Prawdopodobne składy:
Sunderland (probable, 4-4-2): Gordon; Elmohamady, Mensah, Ferdinand, Bardsley; Henderson, Cattermole, Meyler, Zenden; Welbeck, Bent.
Blackburn Rovers (probable, 4-5-1): Bunn; Samba, Hanley, Nelsen, Givet; Emerton, Hoilett, Dunn, Pedersen, E Diouf; M Diouf.
Moje propozycje:
Sunderland wygra @ 1.83 Bet365
Poniżej 2.5 goli @ 1.80 Bet365
Sunderland musi się zrehabilitować za ostatnie mecze...
-----------------------------------------------------------------
vs
Manchester City - Blackpool
The Citizens po ostatnich dobrych meczach zajmują wysoką drugą lokatę w
Premier League. Dzisiaj zmierzą się z nieprzewidywalnym beniaminkiem, Blackpool. Mandarynki w poprzednim spotkaniu pokonali na Stadium Od Light Czarne Koty 2:0. Kapitan Citizens, Carlos Tevez ma rozpocząć spotkanie z Blackpool od pierwszej minuty.

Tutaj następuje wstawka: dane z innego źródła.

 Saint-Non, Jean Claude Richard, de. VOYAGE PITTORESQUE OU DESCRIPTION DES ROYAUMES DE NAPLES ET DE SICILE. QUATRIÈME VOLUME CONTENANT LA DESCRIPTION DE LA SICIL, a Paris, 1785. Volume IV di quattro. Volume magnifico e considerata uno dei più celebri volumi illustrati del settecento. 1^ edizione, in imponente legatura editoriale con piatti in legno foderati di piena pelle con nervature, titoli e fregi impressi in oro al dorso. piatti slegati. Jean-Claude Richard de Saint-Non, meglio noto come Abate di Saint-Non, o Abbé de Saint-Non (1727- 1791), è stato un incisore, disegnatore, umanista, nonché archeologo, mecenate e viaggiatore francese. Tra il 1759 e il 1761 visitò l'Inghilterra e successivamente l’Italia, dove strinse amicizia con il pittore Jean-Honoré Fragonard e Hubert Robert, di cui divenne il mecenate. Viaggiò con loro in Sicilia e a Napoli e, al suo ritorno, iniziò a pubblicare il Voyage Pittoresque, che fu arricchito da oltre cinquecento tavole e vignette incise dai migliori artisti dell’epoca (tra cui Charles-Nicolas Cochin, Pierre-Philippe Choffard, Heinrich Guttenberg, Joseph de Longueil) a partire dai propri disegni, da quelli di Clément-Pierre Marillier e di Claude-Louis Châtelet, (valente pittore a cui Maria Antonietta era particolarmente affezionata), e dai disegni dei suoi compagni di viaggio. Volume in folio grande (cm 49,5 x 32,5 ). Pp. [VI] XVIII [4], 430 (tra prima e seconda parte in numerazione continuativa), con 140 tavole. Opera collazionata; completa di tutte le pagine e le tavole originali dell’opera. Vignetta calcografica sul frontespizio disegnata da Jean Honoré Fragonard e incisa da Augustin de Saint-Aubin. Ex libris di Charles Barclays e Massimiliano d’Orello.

Po jednym meczu zawieszenia wraca Charlie Adam. Zwycięstwo z Sunderlandem kontuzją okupił z kolei Elliot Grandin. Blackpool mimo czterech wyjazdowych porażek wygrało również pięć spotkań i dwa zremisowało. Przed szóstym zespołem ubiegłego sezonu The
Championship jednak prawdziwy sprawdzian. Obywatele rozpoczęli maraton od wygranej z Newcastle i Aston Villą. Wtorkowy bój z The Villans był dla Citizens jak trening. Wynik ani przez chwilę nie był zagrożony, a przyjezdni z Birmingham mogą mówić o dużym szczęściu, że nie wrócili do domu z bagażem siedmiu lub ośmiu goli. Uważam, że The Citiznes nie przestraszą się Mandarynek i bez problemu rozprawią się z fantastycznym na wyjazdach beniaminkiem.
Prawdopodobne składy:
Manchester City (probable, 4-2-3-1): Hart; Richards, Kompany, K Toure, Zabaleta; De Jong Vieira; A Johnson, Y Toure, Silva; Balotelli.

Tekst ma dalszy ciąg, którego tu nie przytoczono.